A fervent critic of Mr. Trump, Mr. Stevens has a book out this month, “It Was All a Lie,” which charts what he describes as the Republican Party’s decades-long spiral into racism, nativism and ultimately Trumpism. He said descendants of political families might feel burdens of virtue more acutely than others do. He mentioned George Romney’s protest against what he considered the party’s lack of commitment to civil rights at the Republican National Convention in 1964. “To me, you can take a direct line from there to Mitt saying ‘Black Lives Matter’ in 2020,” he said.

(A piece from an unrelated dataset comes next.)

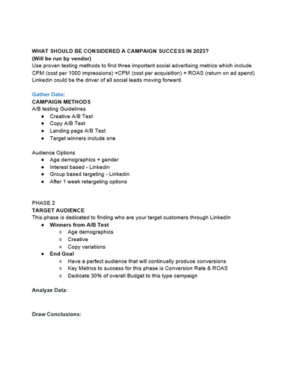 Describes process for testing a digital channel. This was used for a new Linked In campaign.

Until recently, no one would have ever described Mitt Romney as a leading dissident within his party. But the Trump years have imposed a distinct set of character tests upon elected Republicans at every level.
Mr. Romney idolized his father, to a point where he would write “Dad” on a sheet of paper at his lectern before big political speeches and debates. As he has navigated the lonely terrain of a defiant Republican in the Trump era, Mr. Romney said his father had loomed as a powerful example.
“It’s not as if I stop to consider ‘What would Dad want me to do?’” Mr. Romney said. As he has gotten older and embarked on what will most likely be the last chapter of his career, in the Senate, Mr. Romney said, it has become easier to heed the lessons of his forebears rather than the demands of political expediency.